*ACTION ITEM*:
The pictures are to be left out, and all remaining data is to be transcribed exactly as it appears.

*MATERIAL PROVIDED*:
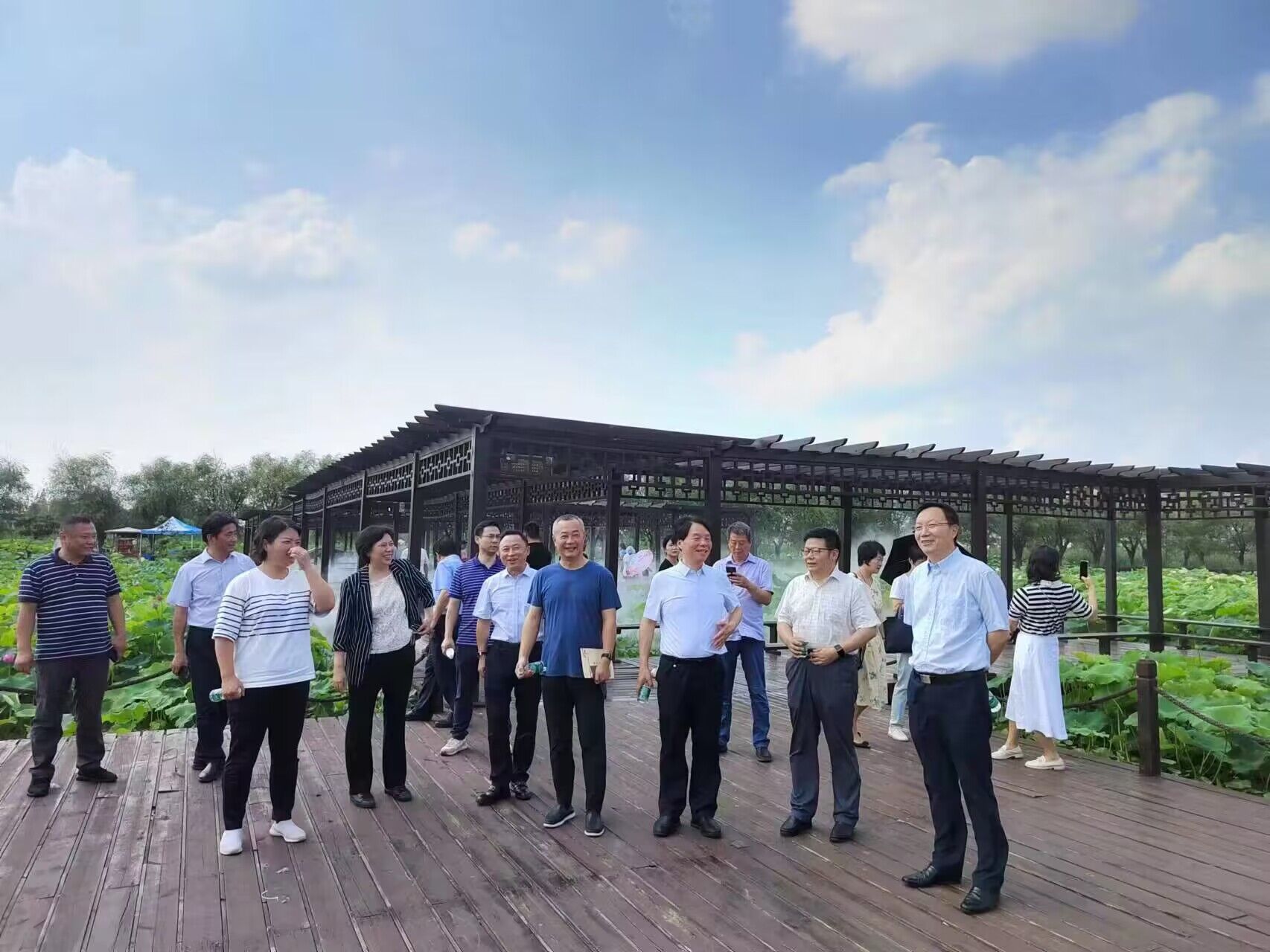 调研组一行首先来到南京“水一方”生态休闲旅游区进行实地调研。南京“水一方”生态休闲旅游区位于龙潭街道陈店村,2014年开园,规划面积7.34平方公里,核心区面积3.9平方公里。李奇对龙潭街道以1.1万亩农用地整治为契机,成功打造“水一方”独具南京水乡特色的赏荷景区的做法表示肯定。他建议进一步发掘龙潭古镇500年历史的文化内涵,利用周边水陆交通便利、自然环境优美的优势,进一步吸引游客,加快推动休闲农业和高效农业产业发展,促进农民增收,推进一二三产业融合发展。
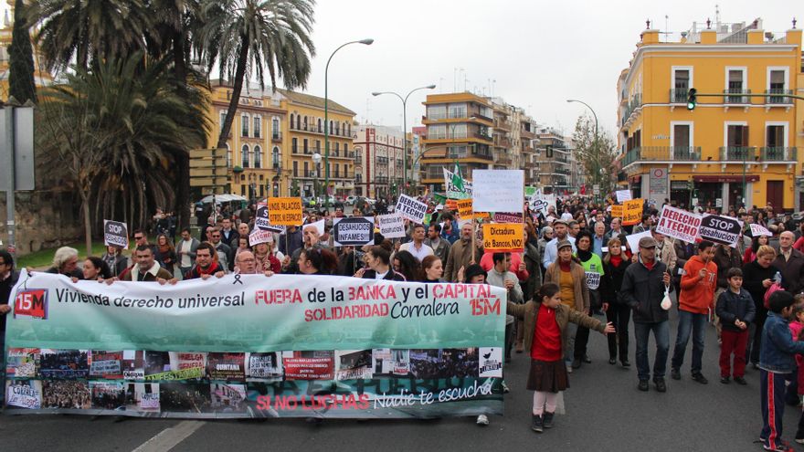 En Sevilla, la manifestación se ha celebrado por la mañana. Unas 6.000 personas han marchado por el centro de la ciudad desde la Alameda de Hércules hasta llegar a la Corrala de Vecinas La Utopía. En este caso, la convocatoria ha servido, además, para mostrar el apoyo ciudadano al movimiento de las corralas, edificios vacíos propiedad de la banca o de grandes inmobiliarias y que han sido ocupados por familias en situación de emergencia social.
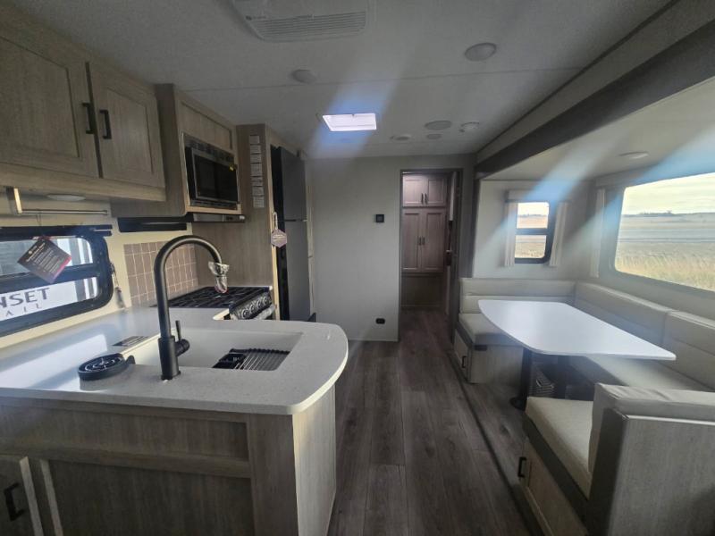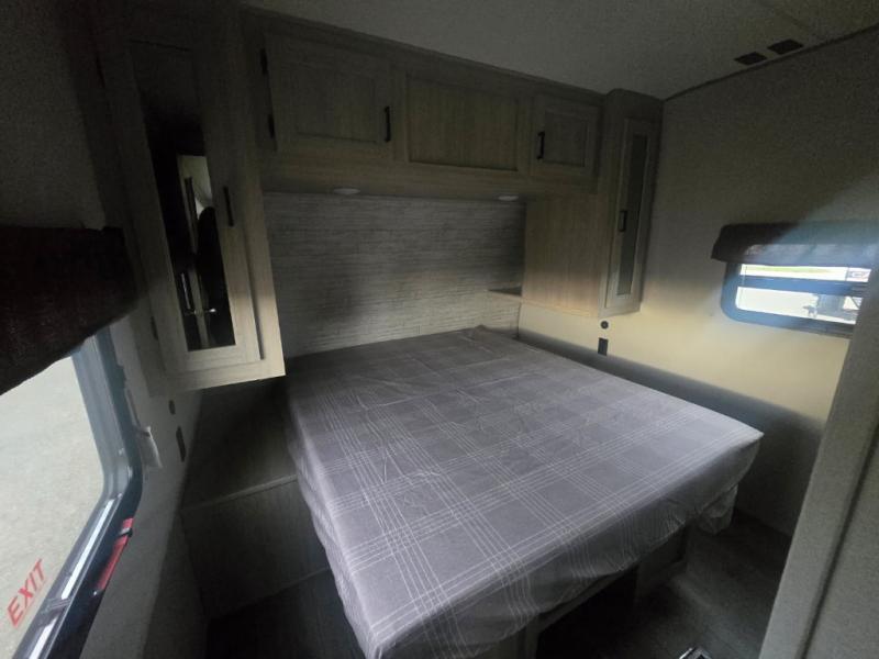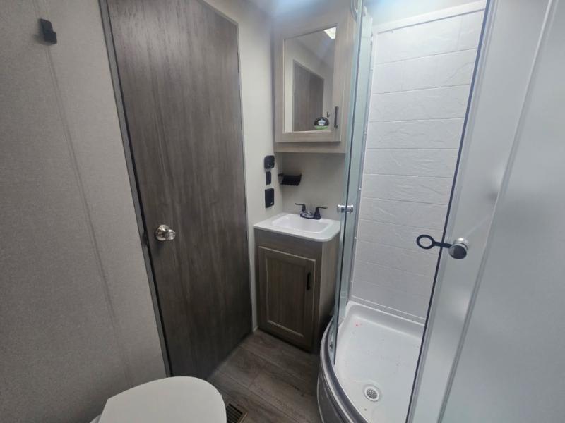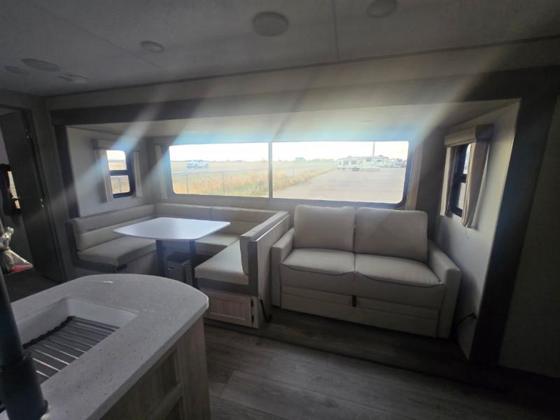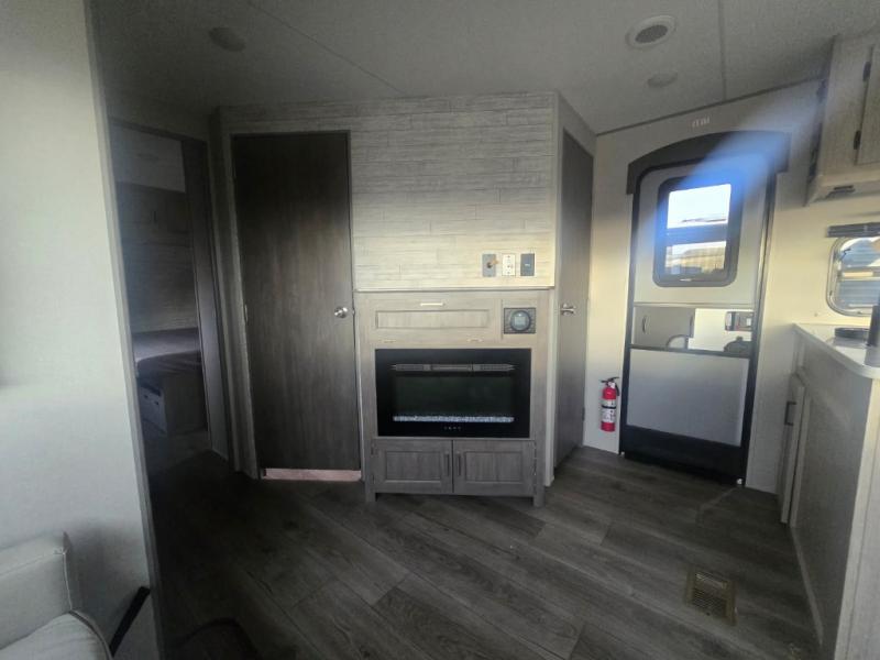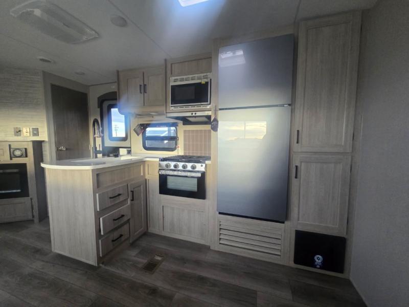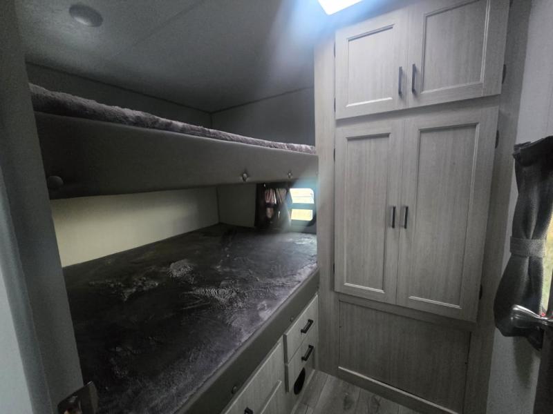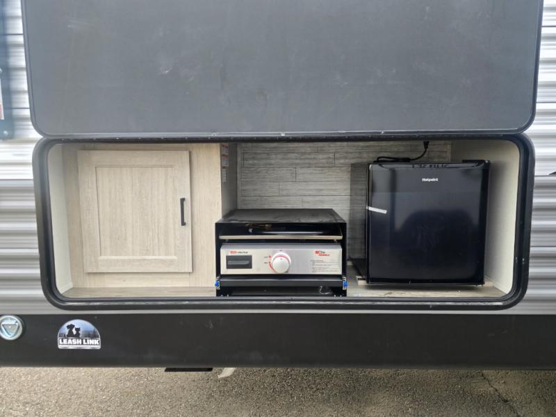 Not only will you be comfortable in this trailer, your friends will have comfort and privacy thanks to having their own bunkhouse with queen-size bunk beds, underbed storage, and a linen closet for clean clothes! The front master bedroom includes a walk-around queen bed, dual wardrobes, plus quick access to the dual entry bath! The combined living and kitchen is spacious thanks to the slide out U-shaped dinette and sofa with drink holders. You can even add the fireplace option if you want that feature. The cook will have full amenities to whip up meals including overhead cabinets for dishes and snacks, plus an outdoor camper kitchen with a pull-out griddle, a cabinet, and a refrigerator!
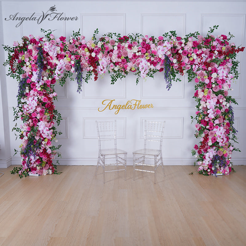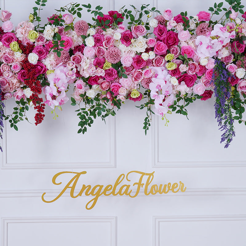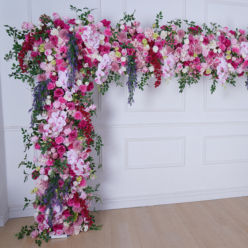 A8642 Pink Rose Orchid Hang Wisteria Flower Row Decor Wedding Backdrop Square Frame

*ANSWER TO THIS TASK*:
 调研组一行首先来到南京“水一方”生态休闲旅游区进行实地调研。南京“水一方”生态休闲旅游区位于龙潭街道陈店村,2014年开园,规划面积7.34平方公里,核心区面积3.9平方公里。李奇对龙潭街道以1.1万亩农用地整治为契机,成功打造“水一方”独具南京水乡特色的赏荷景区的做法表示肯定。他建议进一步发掘龙潭古镇500年历史的文化内涵,利用周边水陆交通便利、自然环境优美的优势,进一步吸引游客,加快推动休闲农业和高效农业产业发展,促进农民增收,推进一二三产业融合发展。
 En Sevilla, la manifestación se ha celebrado por la mañana. Unas 6.000 personas han marchado por el centro de la ciudad desde la Alameda de Hércules hasta llegar a la Corrala de Vecinas La Utopía. En este caso, la convocatoria ha servido, además, para mostrar el apoyo ciudadano al movimiento de las corralas, edificios vacíos propiedad de la banca o de grandes inmobiliarias y que han sido ocupados por familias en situación de emergencia social.
 Not only will you be comfortable in this trailer, your friends will have comfort and privacy thanks to having their own bunkhouse with queen-size bunk beds, underbed storage, and a linen closet for clean clothes! The front master bedroom includes a walk-around queen bed, dual wardrobes, plus quick access to the dual entry bath! The combined living and kitchen is spacious thanks to the slide out U-shaped dinette and sofa with drink holders. You can even add the fireplace option if you want that feature. The cook will have full amenities to whip up meals including overhead cabinets for dishes and snacks, plus an outdoor camper kitchen with a pull-out griddle, a cabinet, and a refrigerator!
 A8642 Pink Rose Orchid Hang Wisteria Flower Row Decor Wedding Backdrop Square Frame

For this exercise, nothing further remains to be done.